Stored dataset items
# # # # #

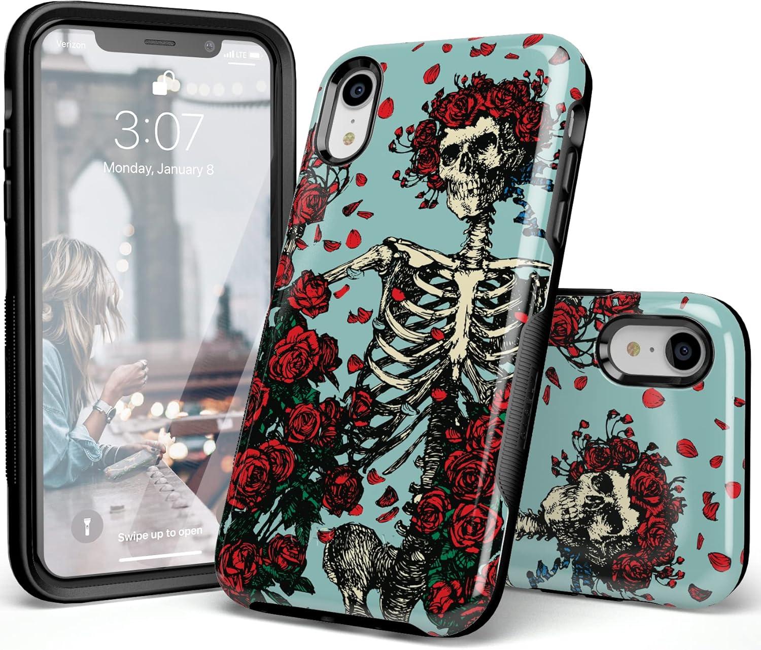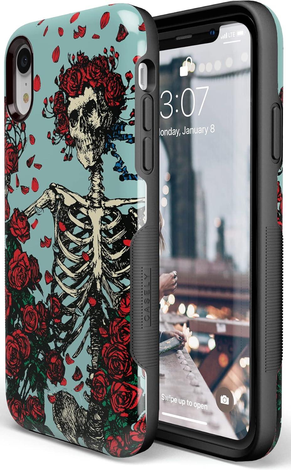 Casely iPhone XR Case | Goth Girlie | Black Bows | Essential Slim Dual-Layer Protective Design(Grateful Dead | Forever Grateful | Skeleton)
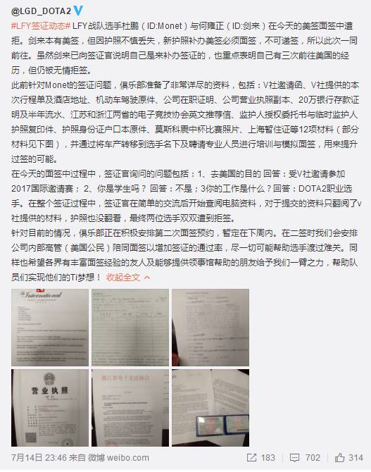 今年DOTA2的TI,还会有队员被拒签吗?16年的签证问题给很多DOTA2俱乐部敲响了警钟,所以为了备战今年的TI7,各大俱乐部早早就开始为没有美签的选手准备签证事宜,但是从目前的情况来看,好像并不圆满:LFY战队的选手Monet和Inflame再次在面签中遭拒,IG与IG.V目前还剩Boboka一人签证未过。
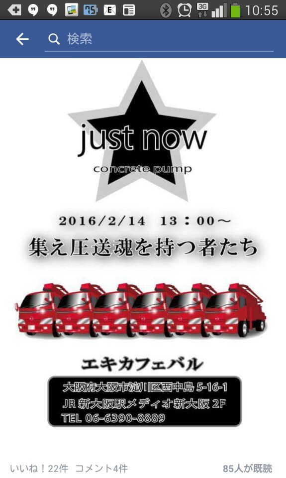 はじめてのオフ会 in新大阪 2016.02.15 こんにちは、杉本です! 先日(2/14)にはじめてのオフ会というものに参加しました! ポンプ圧送のコミニュティのサイト(フェイスブック)があり南は沖縄? 北は北海道の方とネットを通じて情報交換をしています! 今回の参加者は、西は兵庫県姫路市~東は東京・神奈川県~ 南は、大阪の河内長野~北は京都の久美浜からと総勢20名の参加でした! 同業者の方で興味ある方は、ご連絡ください~(^^)
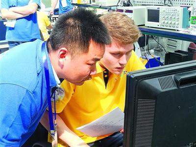 昨天“星光計(jì)劃”職業(yè)院校技能大賽上,首次迎來(lái)德國(guó)代表隊(duì),與中國(guó)學(xué)生同場(chǎng)競(jìng)技。彭德倩 攝
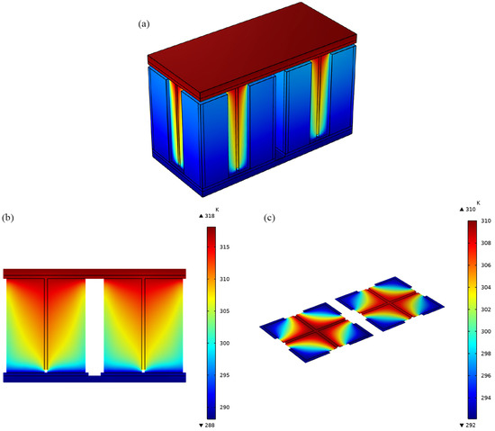 Figure 4a shows the temperature distribution of the forked-finger electrode thermoelectric module under open-circuit conditions at a temperature difference of 30 °C, where the temperature at the cold end is 15 °C and the temperature at the hot end is 45 °C. The temperature of the top ceramic substrate in the FFTEM module is higher than the temperature of the bottom ceramic substrate, and the temperature of the central electrode is higher than the temperature of the surrounding electrodes. The temperature of the top ceramic substrate in the FFTEM module is higher than the temperature of the bottom ceramic substrate, and the temperature of the central electrode is higher than the surrounding electrodes. Figure 4b shows the temperature distribution in the vertical profile of the heart of the FFTEM. In this plane, the temperature is distributed longitudinally, and the heat flow is transmitted from top to bottom. The horizontal profile in the FFTEM module is taken at half the height of the thermoelectric leg, and its temperature distribution is plotted as in Figure 4c; in the same horizontal plane, the thermal temperature distribution of the electrical module spreads from the centre outwards. This is because of the thermal conductivity of the copper; the thermal conductivity of the electrode is higher than that of the thermoelectric material, so the temperature of the central electrode is higher than that of the surrounding thermoelectric material in the same horizontal plane. When the z-axis height varies, the temperature distribution in the horizontal profile also varies. The FFTEM module uses the different thermal conductivity of the metallic copper electrodes and the thermoelectric material as a basis for the TEM module, changing the temperature distribution inside the module by regulating the electrodes. The temperature distribution within the module is changed by regulating the electrodes. This structure results in a higher output power at lower temperature differences. The temperature distribution of the TEM under open-circuit conditions with a temperature difference of 30 °C is in the Supplementary Materials Figure S1.
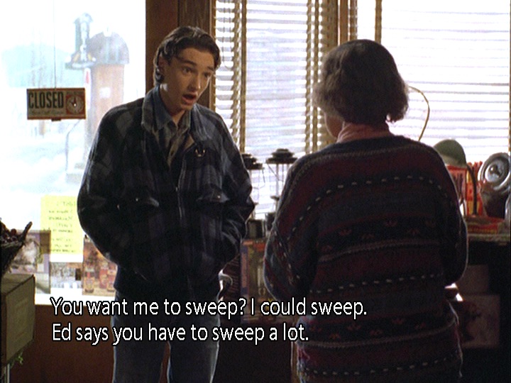 Ed is shown dusting when he spots Eugene in the street. Later, we see him sweeping. He’s even holding the broom when Ruth-Anne says to him that she needs to “come clean.” He also tries to convince Eugene that Ruth-Anne was likely washing Walt’s clothes when he saw them in the morning. We’ll also see Donny Spellman say the word “sweep” repeatedly when he confuses Ruth-Anne about taking over Ed’s job.
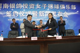 時(shí)值十九大勝利召開(kāi)之際,習(xí)近平總書(shū)記在報(bào)告中提到要激發(fā)全民族文化創(chuàng)新創(chuàng)造活力,健全現(xiàn)代文化產(chǎn)業(yè)體系和市場(chǎng)體系,加快推進(jìn)體育強(qiáng)國(guó)建設(shè)。乘著盛會(huì)的東風(fēng),在恰逢銀鴿50華誕的日子里,10月19日,河南省球類運(yùn)動(dòng)管理中心與河南銀鴿實(shí)業(yè)投資股份有限公司合作成立河南銀鴿女排俱樂(lè)部簽約儀式在漯河銀鴿總部會(huì)議室隆重舉行。這標(biāo)志著在中國(guó)排球超級(jí)聯(lián)賽女子排球的賽場(chǎng)上,河南女排將身披“銀鴿投資”戰(zhàn)袍征戰(zhàn)即將開(kāi)賽的2017—2018中國(guó)排球超級(jí)聯(lián)賽。
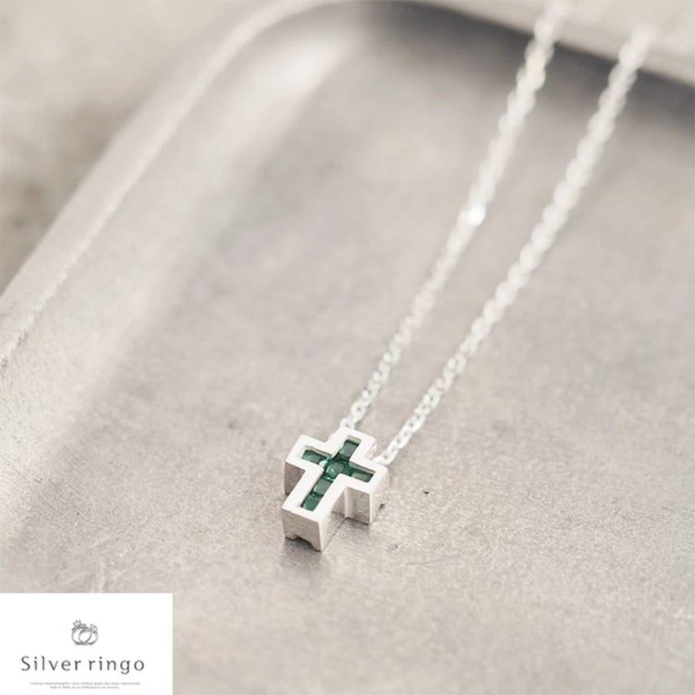 Silver 925 May Birthstone Cross-Shaped Necklace Green Sabrina Cross
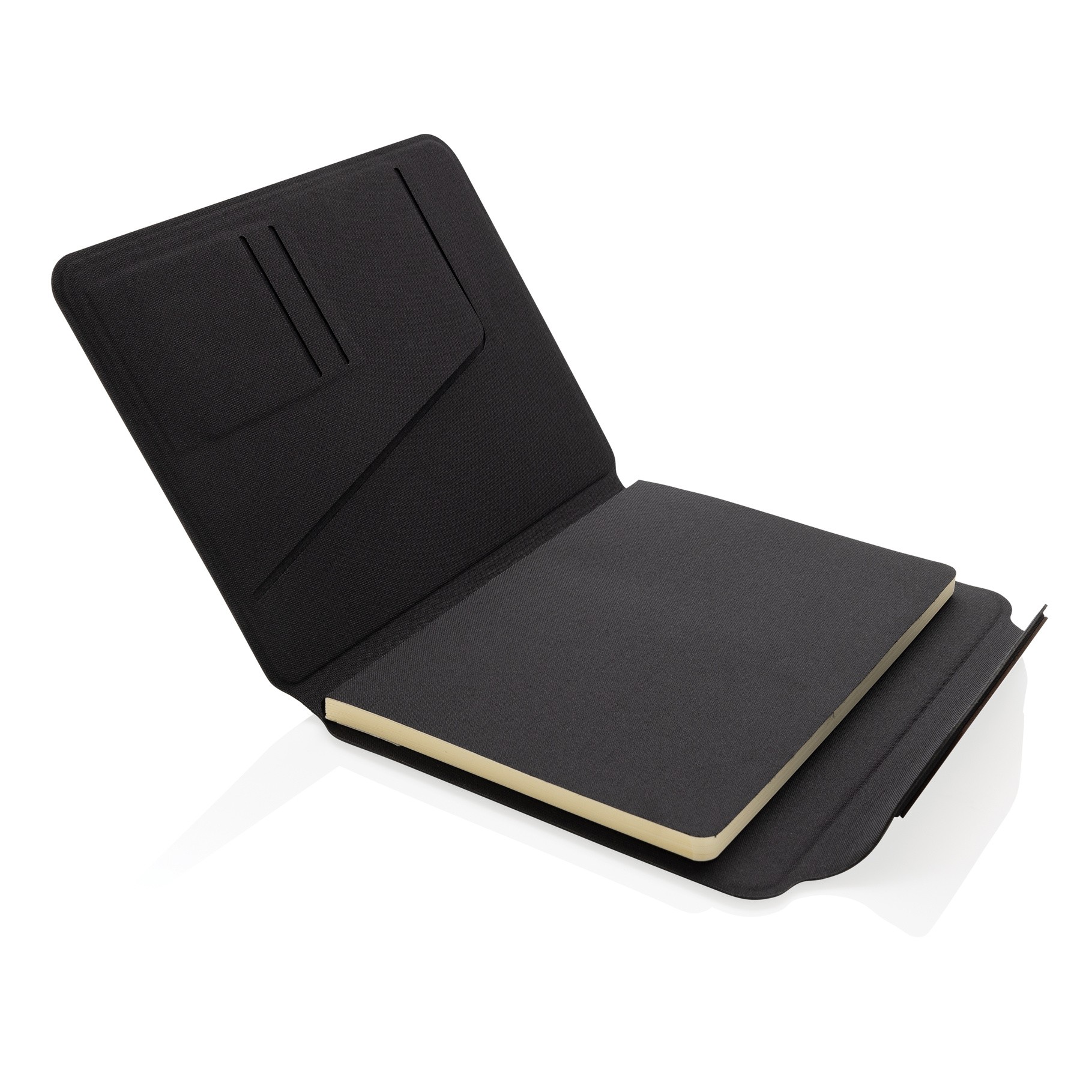 Le porte-documents A5 Teri en noyer et en rPET AWARE™ est l’alliance parfaite du style professionnel et de la fonctionnalité. Fabriqué en rPET avec le traçage AWARE et un emblème en bois de noyer pour plus d’élégance. Il est doté d’une fermeture magnétique qui permet de ranger vos documents essentiels en toute sécurité. À l’intérieur, vous trouverez deux fentes pour cartes de visite et une pochette pour documents A5. Le carnet A5, fabriqué avec du papier FSC® mix, comprend 64 feuilles (128 pages) de papier ligné de couleur crème. Le porte-documents est emballé dans une boîte cadeau FSC® mix Fefco 427, ce qui en fait un choix idéal pour un usage personnel ou un cadeau. Fabriqué en polyester recyclé avec le traceur AWARE™. 2 % des recettes de chaque produit vendu avec AWARE™ seront reversés à Water.org. Sans PVC. Fabriqué en Chine avec empreinte carbone de 1.64 kg équivalent CO².
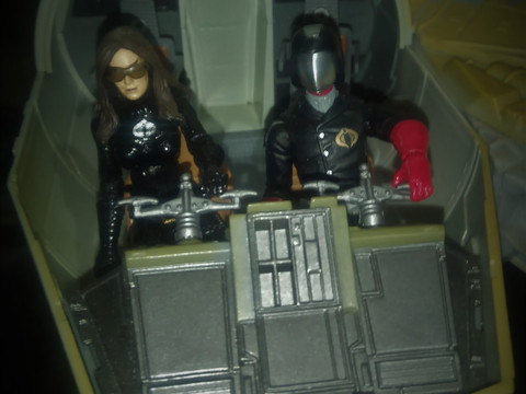 Pero...que hay de otras figuras de la misma escala? Ya que tengo varios GI Joe... y Cobra... me pareció una buena oportunidad para que abordaran la nave. Para tomar una pieza de alta tecnología que ayude a ganar su guerra contra los Joe's, sin duda irían los miembros mas encumbrados. El muy detallista dirá que hay algún que otro milímetro de menos en la nave para cumplir con la escala, pero yo sostengo que les queda genial.
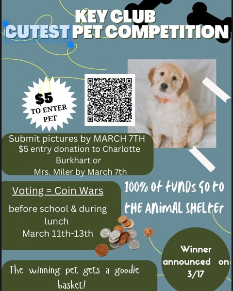 The Key Club is organizing a heartwarming event to benefit the Henry County Humane Society in Kewanee, IL. They’re inviting everyone at the school to join their Cutest Pet Competition. By submitting a pet photo with a $5 donation by March 7th, participants not only showcase their adorable companions but also contribute to a noble cause. Voting takes place during lunch from March 11th to 13th, culminating in the announcement of the winner on March 17th. The lucky winner will receive a delightful goodie basket. All proceeds go directly to support the local animal shelter. Don’t miss this chance to make a difference! Register here.
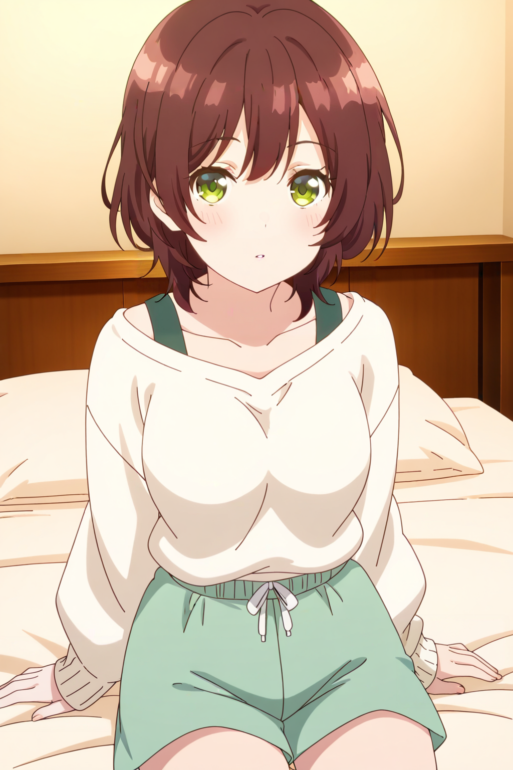 hinami aoi, 1girl, solo, brown hair, short hair, green eyes, medium breasts, white sweater, long sleeves, off shoulder, green shorts

# # # # #

Since pictures are not part of the copy, set down only the remaining data exactly.

◆ EXPECTED ANSWER ◆
 Casely iPhone XR Case | Goth Girlie | Black Bows | Essential Slim Dual-Layer Protective Design(Grateful Dead | Forever Grateful | Skeleton)
 今年DOTA2的TI,还会有队员被拒签吗?16年的签证问题给很多DOTA2俱乐部敲响了警钟,所以为了备战今年的TI7,各大俱乐部早早就开始为没有美签的选手准备签证事宜,但是从目前的情况来看,好像并不圆满:LFY战队的选手Monet和Inflame再次在面签中遭拒,IG与IG.V目前还剩Boboka一人签证未过。
 はじめてのオフ会 in新大阪 2016.02.15 こんにちは、杉本です! 先日(2/14)にはじめてのオフ会というものに参加しました! ポンプ圧送のコミニュティのサイト(フェイスブック)があり南は沖縄? 北は北海道の方とネットを通じて情報交換をしています! 今回の参加者は、西は兵庫県姫路市~東は東京・神奈川県~ 南は、大阪の河内長野~北は京都の久美浜からと総勢20名の参加でした! 同業者の方で興味ある方は、ご連絡ください~(^^)
 昨天“星光計(jì)劃”職業(yè)院校技能大賽上,首次迎來(lái)德國(guó)代表隊(duì),與中國(guó)學(xué)生同場(chǎng)競(jìng)技。彭德倩 攝
 Figure 4a shows the temperature distribution of the forked-finger electrode thermoelectric module under open-circuit conditions at a temperature difference of 30 °C, where the temperature at the cold end is 15 °C and the temperature at the hot end is 45 °C. The temperature of the top ceramic substrate in the FFTEM module is higher than the temperature of the bottom ceramic substrate, and the temperature of the central electrode is higher than the temperature of the surrounding electrodes. The temperature of the top ceramic substrate in the FFTEM module is higher than the temperature of the bottom ceramic substrate, and the temperature of the central electrode is higher than the surrounding electrodes. Figure 4b shows the temperature distribution in the vertical profile of the heart of the FFTEM. In this plane, the temperature is distributed longitudinally, and the heat flow is transmitted from top to bottom. The horizontal profile in the FFTEM module is taken at half the height of the thermoelectric leg, and its temperature distribution is plotted as in Figure 4c; in the same horizontal plane, the thermal temperature distribution of the electrical module spreads from the centre outwards. This is because of the thermal conductivity of the copper; the thermal conductivity of the electrode is higher than that of the thermoelectric material, so the temperature of the central electrode is higher than that of the surrounding thermoelectric material in the same horizontal plane. When the z-axis height varies, the temperature distribution in the horizontal profile also varies. The FFTEM module uses the different thermal conductivity of the metallic copper electrodes and the thermoelectric material as a basis for the TEM module, changing the temperature distribution inside the module by regulating the electrodes. The temperature distribution within the module is changed by regulating the electrodes. This structure results in a higher output power at lower temperature differences. The temperature distribution of the TEM under open-circuit conditions with a temperature difference of 30 °C is in the Supplementary Materials Figure S1.
 Ed is shown dusting when he spots Eugene in the street. Later, we see him sweeping. He’s even holding the broom when Ruth-Anne says to him that she needs to “come clean.” He also tries to convince Eugene that Ruth-Anne was likely washing Walt’s clothes when he saw them in the morning. We’ll also see Donny Spellman say the word “sweep” repeatedly when he confuses Ruth-Anne about taking over Ed’s job.
 時(shí)值十九大勝利召開(kāi)之際,習(xí)近平總書(shū)記在報(bào)告中提到要激發(fā)全民族文化創(chuàng)新創(chuàng)造活力,健全現(xiàn)代文化產(chǎn)業(yè)體系和市場(chǎng)體系,加快推進(jìn)體育強(qiáng)國(guó)建設(shè)。乘著盛會(huì)的東風(fēng),在恰逢銀鴿50華誕的日子里,10月19日,河南省球類運(yùn)動(dòng)管理中心與河南銀鴿實(shí)業(yè)投資股份有限公司合作成立河南銀鴿女排俱樂(lè)部簽約儀式在漯河銀鴿總部會(huì)議室隆重舉行。這標(biāo)志著在中國(guó)排球超級(jí)聯(lián)賽女子排球的賽場(chǎng)上,河南女排將身披“銀鴿投資”戰(zhàn)袍征戰(zhàn)即將開(kāi)賽的2017—2018中國(guó)排球超級(jí)聯(lián)賽。
 Silver 925 May Birthstone Cross-Shaped Necklace Green Sabrina Cross
 Le porte-documents A5 Teri en noyer et en rPET AWARE™ est l’alliance parfaite du style professionnel et de la fonctionnalité. Fabriqué en rPET avec le traçage AWARE et un emblème en bois de noyer pour plus d’élégance. Il est doté d’une fermeture magnétique qui permet de ranger vos documents essentiels en toute sécurité. À l’intérieur, vous trouverez deux fentes pour cartes de visite et une pochette pour documents A5. Le carnet A5, fabriqué avec du papier FSC® mix, comprend 64 feuilles (128 pages) de papier ligné de couleur crème. Le porte-documents est emballé dans une boîte cadeau FSC® mix Fefco 427, ce qui en fait un choix idéal pour un usage personnel ou un cadeau. Fabriqué en polyester recyclé avec le traceur AWARE™. 2 % des recettes de chaque produit vendu avec AWARE™ seront reversés à Water.org. Sans PVC. Fabriqué en Chine avec empreinte carbone de 1.64 kg équivalent CO².
 Pero...que hay de otras figuras de la misma escala? Ya que tengo varios GI Joe... y Cobra... me pareció una buena oportunidad para que abordaran la nave. Para tomar una pieza de alta tecnología que ayude a ganar su guerra contra los Joe's, sin duda irían los miembros mas encumbrados. El muy detallista dirá que hay algún que otro milímetro de menos en la nave para cumplir con la escala, pero yo sostengo que les queda genial.
 The Key Club is organizing a heartwarming event to benefit the Henry County Humane Society in Kewanee, IL. They’re inviting everyone at the school to join their Cutest Pet Competition. By submitting a pet photo with a $5 donation by March 7th, participants not only showcase their adorable companions but also contribute to a noble cause. Voting takes place during lunch from March 11th to 13th, culminating in the announcement of the winner on March 17th. The lucky winner will receive a delightful goodie basket. All proceeds go directly to support the local animal shelter. Don’t miss this chance to make a difference! Register here.
 hinami aoi, 1girl, solo, brown hair, short hair, green eyes, medium breasts, white sweater, long sleeves, off shoulder, green shorts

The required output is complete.